そしてもう一つ、浅野全理が自然にカルマと話していることが、何より不自然だった。

分厚めの本を開いている姿は、まるで一枚の絵画のようだ。
A組にいるころから、浅野全理は学校中の生徒の憧れの対象だ。恋心を抱く女子も少なくはないが、何しろその完璧さから遠巻きに見るだけに留まる。
ましてやエンドのE組とまで言われるクラスの女子が近づくことなど出来ることもなく。
カルマと話していてもニコリとも笑わないが、その顔の造形に女子はおろか男たちも頬を赤くそめていた。

しかし、殺せんせーが近づいてくる音が聞こえると、生徒達はサッと顔を青くさせた。
教室の古い引戸を開けて入ってきた殺せんせーは、教卓を見て口を閉じた。
カルマの言葉に応じてタコを持って近づいてくる殺せんせーを、全理は本の影から観察していた。
すると、触手の先がいきなりドリルへと変わり、一瞬で大きなミサイルを手にしていた。


「先生は、暗殺者を決して無事では帰さない」


目が妖しく光ったと思えば、カルマの口にはたこ焼きが詰め込まれていた。
何故か全理の机にもあった。


「二人ともその顔色では朝食を食べていないでしょう。これを食べれば健康優良児に近づけますね」
『………普通に食える』
「(食べるんだッ!!!!)」


何も言わずにたこ焼きに手を伸ばして口に運んだ全理に渚は言葉もなくツッコミを入れた。
たこ焼きを咀嚼する全理は、相対しているカルマと殺せんせーを一瞥し、小さく息を吐いた。


『(これはムリだな)』


暗殺対象が警戒してしまった。
かたや人間、かたや超生物。スペックも桁違いである相手を殺すには、一瞬の隙をつくのがセオリーだ。
対してカルマは初日に思い通りに作戦が成功してしまったことによって、相手をナメてかかった。
それさえなければ、彼はもっと上手く殺れるはずなのに。


『もったいない…』


誰にも聞こえない声量で呟いた全理は、発泡しようとしてネイルケアされてしまったカルマを一瞥した。

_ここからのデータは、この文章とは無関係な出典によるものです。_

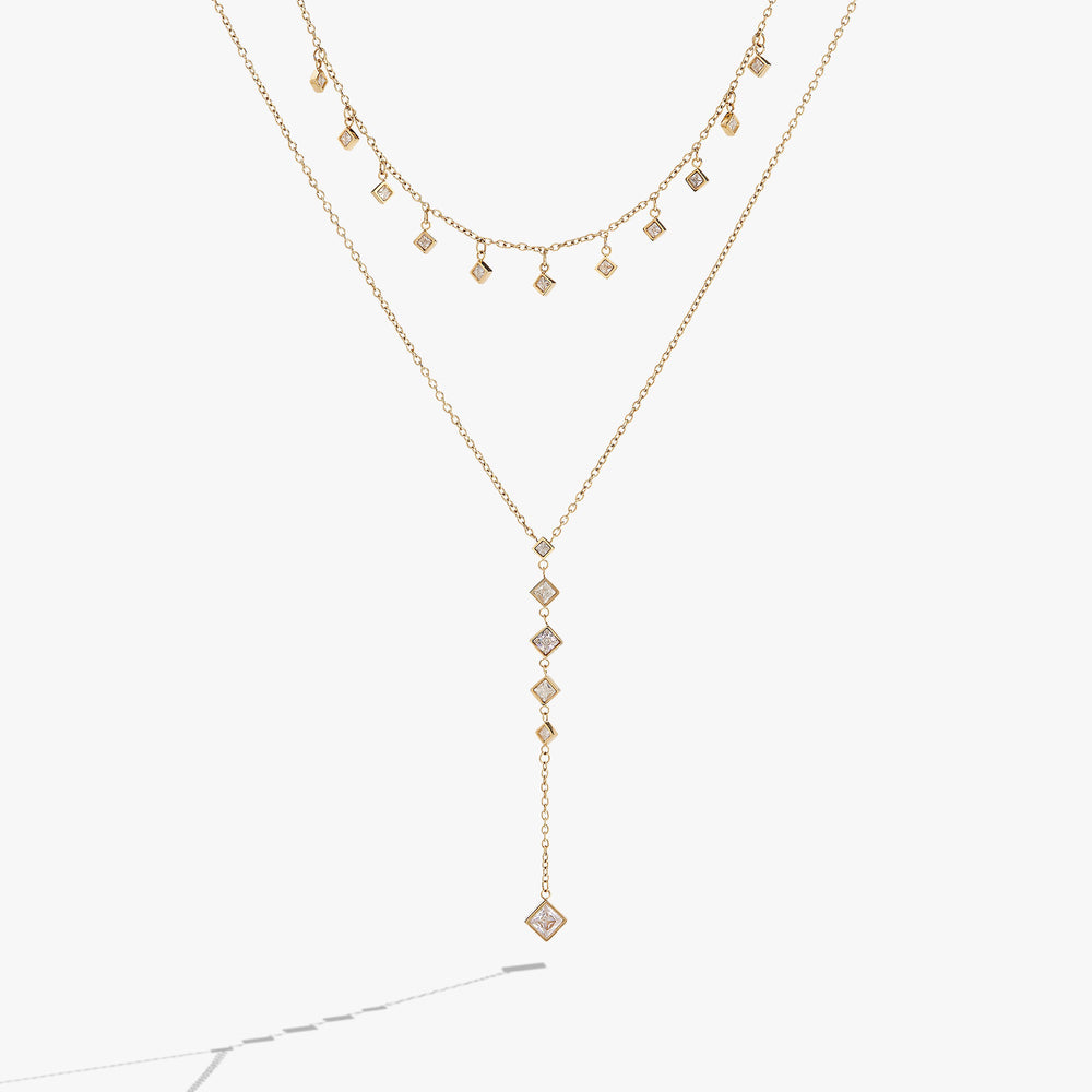 Feel like royalty in this Two-Layered Princess Cut Crystal Necklace, which features two necklaces on one adjustable-length clasp. The shorter layer has smaller princess-cut crystal charms on a textured chain, and the longer layer has larger princess-cut crystals inline on a textured lariat chain. It’s the kind of sparkle you can wear any day — and because it’s gold-tone stainless steel, it’s durable and scratch-resistant so you can wear it on repeat.
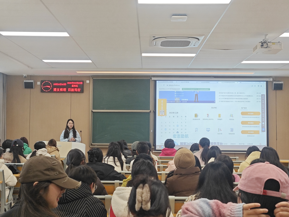 随后,辅导员钟燚老师详细讲解了就业材料提交流程,现场演示操作步骤,并针对常见问题进行了重点说明,特别提醒毕业生认真核查学籍信息,确保就业手续顺利办理。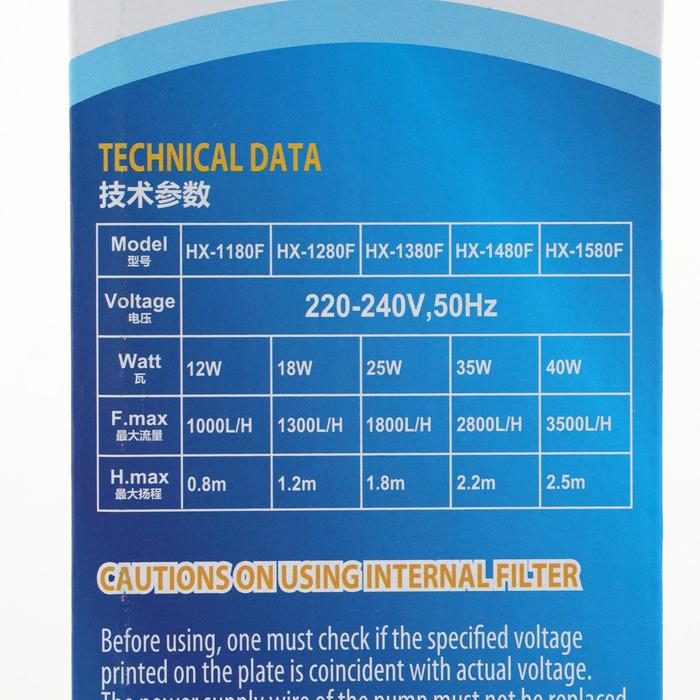 Фильтр внутренний Sea Star HX-1380F2, 1800 л/ч, 25 Вт, высота подъема воды 1,8 м

「にゅやッ!浅野君!授業中ですよ!本はしまってください」
『…暇になる』
「では、この問題を解けたら自習を許可しましょうか」


チョークで一瞬のうちに問題を書いた殺せんせーの言葉に顔をあげると、それはミレニアム懸賞問題といわれる世界7大数学難題のうちの一つだった。


『ポアンカレ予想…』
「おや、流石ですねえ。知っていましたか。しかし解けるかと言われればどうでしょうねえ」


ニヤニヤと緑のしましま模様になった殺せんせーに、大人気ないと心の中で生徒たちは呟く。
さすがの"完全無欠"でも、これは無理ゲーだろうと渚が肩ごしに振り向こうとするその横を、ふわりと通り過ぎた。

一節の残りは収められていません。